Researchers have developed an all-solid-state sodium battery that maintains performance at sub-zero temperatures. Developed by researchers at the University of California, San Diego, the battery could help replace lithium-based power devices.
The researchers also revealed that sodium is a cheap, abundant, and less harmful alternative, but the all-solid-state batteries they created currently don't work well at room temperature.

The engineers heated a semi-stable form of sodium hydridoborate to the point where it began to crystallize, then rapidly cooled it to kinetically stabilize the crystal structure. This is a widely recognized technique, but one that had never before been applied to a solid electrolyte.
That familiarity could help turn this lab innovation into a real product in the future, the researchers say.
"It's not a matter of sodium versus lithium, we need both," said Professor Y. Shirley Meng, of the University of Chicago Pritzker School of Molecular Engineering (UChicago PME - USA). "When we think about future energy storage solutions, we should envision the same giant factory being able to produce products based on both lithium and sodium chemistries. This new research brings us closer to that ultimate goal while advancing the fundamental science along the way."

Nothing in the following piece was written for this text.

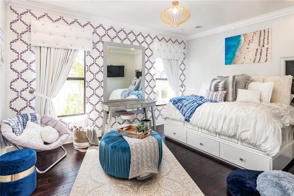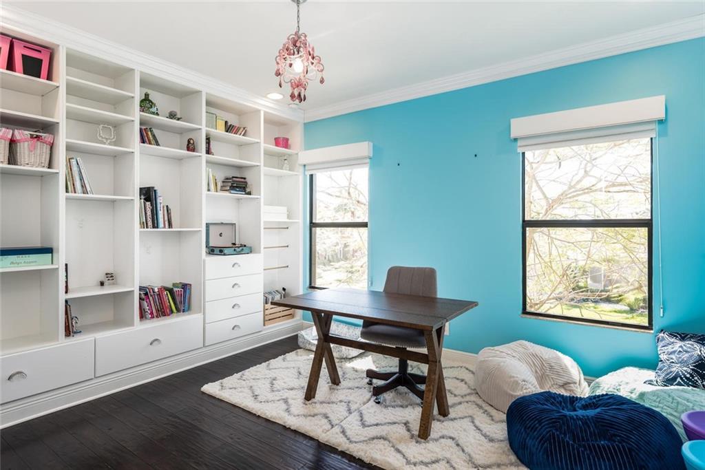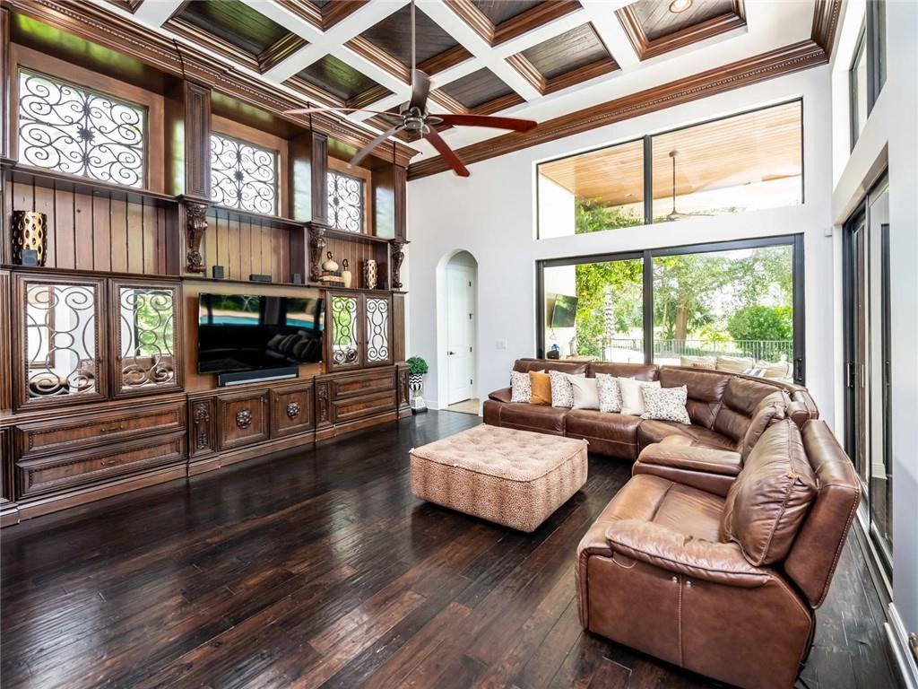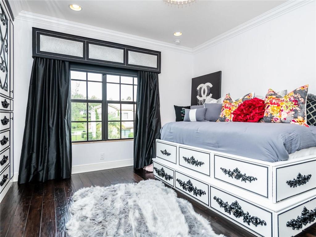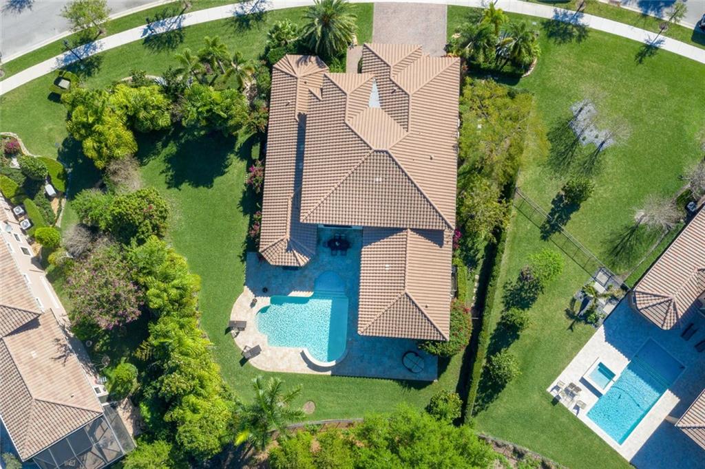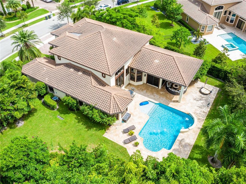 AMAZING HUGE LOT ON THE 5TH GREEN! Fine Details and Upgrades throughout the entire home. 6 Bedrooms (Master Downstairs) + Office + Loft + 4 Bathrooms +2 powder bathrooms + 3 car garage. GOURMET Kitchen with double ovens, stainless steel appliances, Island with extra sink, Custom hood range & 2 custom built in pantries. Wood floors, custom wood work and molding on ceilings, archways & windows. Backyard Paradise overlooking the 5th Green features waterfalls, lights, saltwater system, pool heater, outdoor shower, covered large Lanai with Mosquito mister system & HUGE Private side yard completely fenced. This house has it all! Additional features include hurricane impact windows, custom decorative built ins in every room including a Purse display/dressing area in Master Bedroom! MUST SEE!!

The team also notes that the sodium chemistry is interesting, but the sodium solid electrolyte shows limited ionic conductivity at room temperature.

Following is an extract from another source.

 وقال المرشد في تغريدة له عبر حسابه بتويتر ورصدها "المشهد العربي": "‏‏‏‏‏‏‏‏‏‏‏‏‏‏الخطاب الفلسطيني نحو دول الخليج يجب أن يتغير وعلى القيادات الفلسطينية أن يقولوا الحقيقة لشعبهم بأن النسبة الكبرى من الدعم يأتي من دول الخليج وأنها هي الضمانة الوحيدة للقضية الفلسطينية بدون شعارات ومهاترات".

The UC San Diego group's work combines computational and experimental data to evaluate the metastable nature of sodium hydridoborate and demonstrates that rapid cooling from the crystallization regime locks orthorhombic phase dynamics with fast Na+ migration.

Solid-state sodium batteries offer hope for a less environmentally damaging energy solution.

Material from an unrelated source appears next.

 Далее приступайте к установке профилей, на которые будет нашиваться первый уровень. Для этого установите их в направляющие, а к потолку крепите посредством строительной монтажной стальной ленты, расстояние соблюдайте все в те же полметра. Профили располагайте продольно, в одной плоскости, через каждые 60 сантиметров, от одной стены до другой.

The researchers note that when combined with a chloride-based solid electrolyte-coated cathode, this superstable phase allows for the creation of dense, high-area-load composite cathodes that maintain performance at sub-zero temperatures.
"Since the basic principle is to kinetically stabilize the anionic framework favoring diffusion, this approach is transferable to related hydridoborates and other anionic cluster chemistries. This work provides a practical design strategy and processing guidelines for high-performance solid electrolytes," the team reports.
Co-author Sam Oh of the A*STAR Institute for Materials Research and Engineering in Singapore said the research helps put sodium on a more level playing field with lithium in terms of electrochemical performance.
"The breakthrough we achieved is that we are actually stabilizing a semistable structure that has never been reported before. This semistable structure of sodium hydridoborate has a very high ionic conductivity, at least one order of magnitude higher than the ionic conductivity reported in the literature, and three to four orders of magnitude higher than the precursor itself."
This research offers the prospect of using a much cheaper and more easily available feedstock than lithium. For many years, along with the development of portable digital devices, humanity has had to make huge environmental trade-offs when mining and refining lithium.